Another amendment within this bill is to the Insurance Act, and it deals with the incorrect specification of penalties. The penalty provisions need to be increased so that the penalty units applied to a body corporate are appropriate and consistent with the Crimes Act. The final changes are to the Superannuation (Resolution of Complaints) Act and introduce flexibility in the time limits relating to complaints about disability benefits. This also follows the problems that we have had in the insurance industry, allowing a collapsing of the time and acknowledging the difficulty in assessing medical conditions over a time. It gives the Superannuation Complaints Tribunal discretion in dealing with time limits. I think we all know some of the problems with extraordinary lengths of time being available to complainants for payouts under the superannuation act or under other insurance provisions.

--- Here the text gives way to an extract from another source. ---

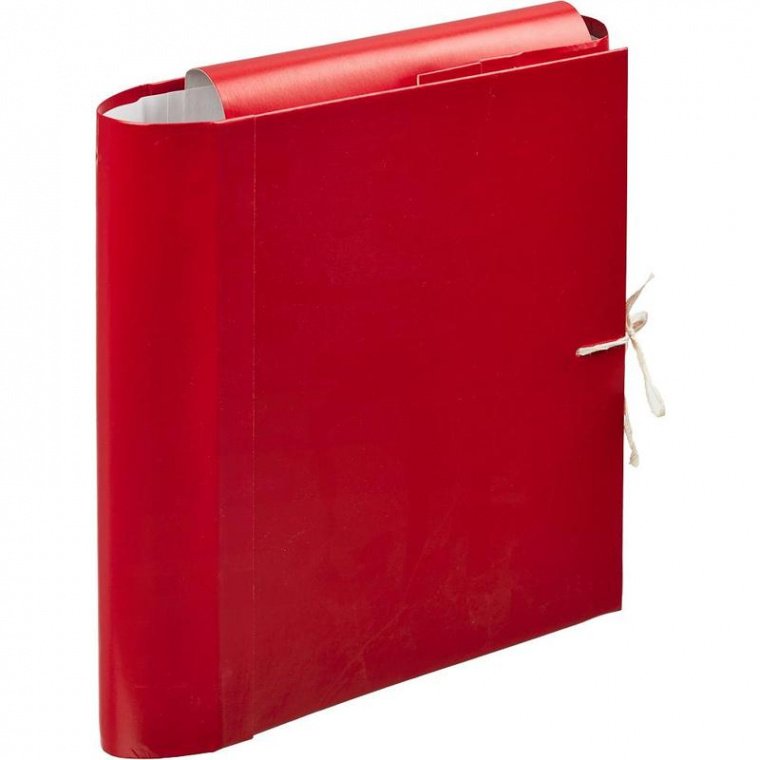 Архивная папка Attache формата А4 выполнена из плотного картона, покрытого бумвинилом (материал на основе ПВХ) красного цвета. Вместимость 1200 листов стандартной бумаги А4 формата. Ширина корешка — 120 мм. В закрытом виде фиксируется с помощью четырех завязок. Внешний размер- 228×120×310 мм. Внутренний размер — 224×118×310 мм.

Finally, the changes to the Superannuation (Resolution of Complaints) Act will strengthen, modernise and improve the conciliation powers of the Superannuation Complaints Tribunal and will enable it to require attendance at conciliation instead of the current voluntary system. I think these are all good provisions, and we need to get them implemented. They are not minor. Taken collectively, they are substantial and will build, I hope, a new culture within modern governance in Australia. I am pleased that the opposition supports these provisions, and I think that we do have the chance now to build something that is more reliable and trustworthy.